The Art & Science of
In 2003, when the war in Afghanistan was gaining strength and U.S. tanks tore through Baghdad, I joined the Army. I was alone when I did. My family had no living (or dead) relative in our history that joined any army willingly or under forced conscription. But I had done so eagerly that it bordered on recklessness.
I joined out of a sense of patriotism, love for a country that had given me a home in New York. The five boroughs and iconic sights like the greening Statue of Liberty beckoning the world to send the huddled masses, the Museum of Natural History whose treasures were guarded by a Rough Rider, the smells of brick oven pizzerias on the avenue, the sounds of traffic and the 4,5,6 trains slithering like steel serpents, the feel of high towers and the black of smoldering ground that came after. It was a New York I called home, and I was trying to make it here.
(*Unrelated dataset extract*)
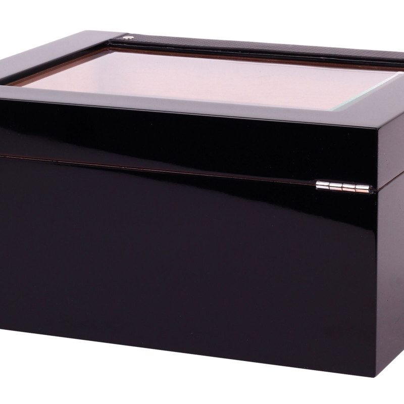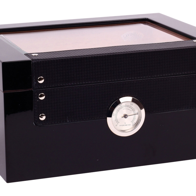 Vetrina sigari, per circa 50-75 sigari in relazione al ring del sigaro, dotato di igrometro incorporato. Interno in cedro. Divisori interni removibili.
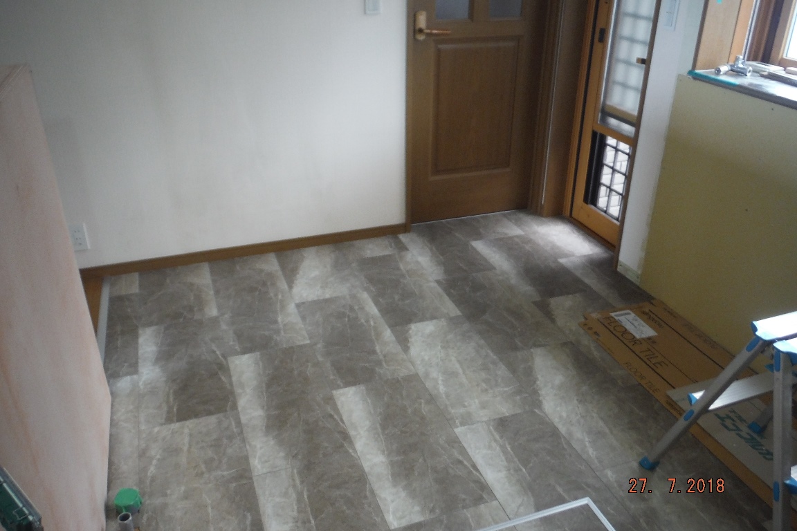 穴を隠す為、厚さ2.5mmのフロアタイルを施工いたしました。

I was a sophomore at St. John's University when I joined the Army. I had long lists of plans, among one was to strike the heart on the criminal justice system as some super lawyer. Taking the safe road of a well paid professional with a penchant toward self piety (theology minor) my plans were certain.
The career prospects for a theologian was limited and having no ambition to live hungry, poor and wretched, I plotted a clean honorable future as a prosecutor or defense attorney.
Then I walked by a U.S. Army poster. It showed men, cloaked in darkness and in a tint of green, wading through mud with this quote:
"We sleep safely in our beds because rough men stand ready in the night to visit violence on those who would harm us."